2. 預金金利はこう変わる(2026年9月20日時点の各行発表)
| 銀行 | 普通預金金利 | 適用開始 | 備考 |
|---|---|---|---|
| 三菱UFJ銀行・三井住友銀行・みずほ銀行 | 0.4% → 0.5% | 11月2日 | 3行そろって9月18日に発表 |
| ゆうちょ銀行 | 0.4% → 0.5% | 11月9日 | |
| SBI新生銀行 | 0.5%(ダイヤモンドステージ0.55%) | 10月13日 | ステージ条件あり |
| auじぶん銀行 | 0.51%(優遇で最大0.85%) | 11月1日 | au関連サービス連携などの条件あり |
| 楽天銀行 | 0.5%(マネーブリッジで最大0.58%、ボーナス金利併用で最大0.84%) | 発表済み | 楽天証券との口座連携が条件 |
| PayPay銀行 | 金利とポイント併用で最大0.8%相当 | 11月1日 | ポイント分を含む |
| あおぞら銀行 BANK | 1.0% → 1.2%(預入100万円まで) | 10月1日 | 100万円超の部分は別金利 |
| ドコモSMTBネット銀行 | 0.5% | 10月1日 |
※各行の発表・報道(2026年9月18〜20日)に基づく税引前の年利。優遇金利には口座連携などの条件や預入上限があります。最新の条件は各行のサイトでご確認ください。
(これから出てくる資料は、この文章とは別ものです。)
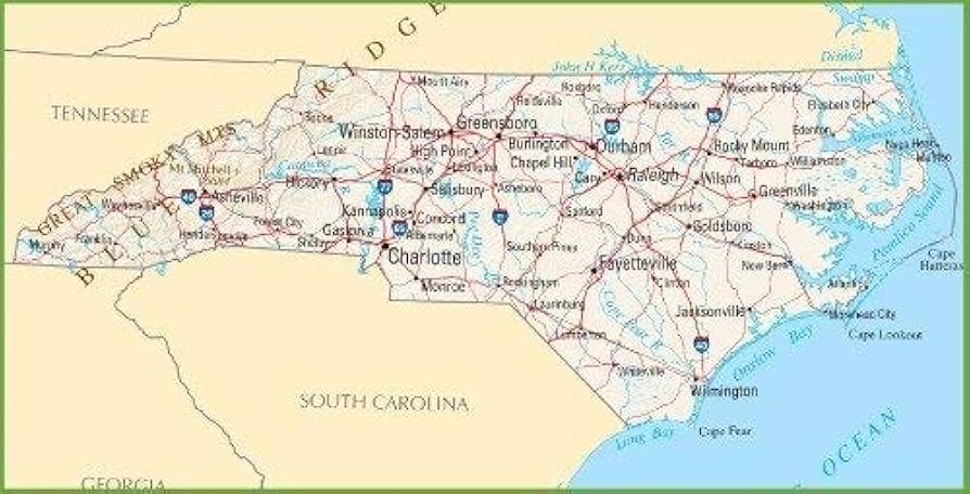 Amazon.com: Home Comforts North Carolina State Road Map Nc City

2024年9月以前のメガバンク普通預金金利は0.001%でした。2年で500倍になった計算で、「教育費のうち数年以内に使う分は預金に置く」合理性は確実に高まっています。
3. それでも18年の積立では差が開く
一方で、こどもNISAの運用期間は最長18年です。月3万円を18年間積み立てた場合を、11月からの普通預金金利0.5%と、全世界株式の想定リターン5%で比べると次のようになります。
普通預金(年0.5%)
約678万円
全世界株式(年5%想定)
約1,047万円
※元本648万円。預金利息には約20%の税金がかかりますが上記は税引前。投資は元本割れのリスクがあり、将来のリターンを保証するものではありません。
預金金利が0.4%から0.5%に上がっても18年後の差は約6万円で、運用益の差(約370万円)とは桁が違います。金利上昇で変わるのは「投資をやめるかどうか」ではなく、「使う時期が近いお金をどこに置くか」です。
こどもNISA準備中の家庭の基本方針
- 5年以内に使う教育費(入学金・受験費用など)は、優遇金利のある普通預金や定期預金に置く
- 10年以上先の大学費用は、こどもNISAで月々の積立に回す(年間上限60万円)
- 変動型の住宅ローンは金利上昇で返済額が増える可能性があるため、固定費を確認したうえで積立額を決める
- 児童手当(月1万〜1.5万円)を積立の原資にすると、家計への影響を抑えやすい
4. 10月1日の口座開設受付に向けて
こどもNISAの口座開設受付は、SBI証券・楽天証券・マネックス証券・松井証券・三菱UFJ eスマート証券・PayPay証券で10月1日に始まります。楽天銀行や三菱UFJ銀行など、グループの証券会社と口座を連携させると預金金利の優遇を受けられる銀行もあるため、「預金をどこに置くか」と「こどもNISAをどこで開くか」はセットで考えると効率的です。各社の手続きと必要書類は9月最新まとめを、預金と積立の比較はシミュレーターをご覧ください。
ご注意
本記事は2026年9月20日時点の日本銀行の公表資料と各行の発表・報道に基づいています。預金金利の適用日や優遇条件は各行の最新の案内をご確認ください。本記事は特定の金融商品の推奨ではありません。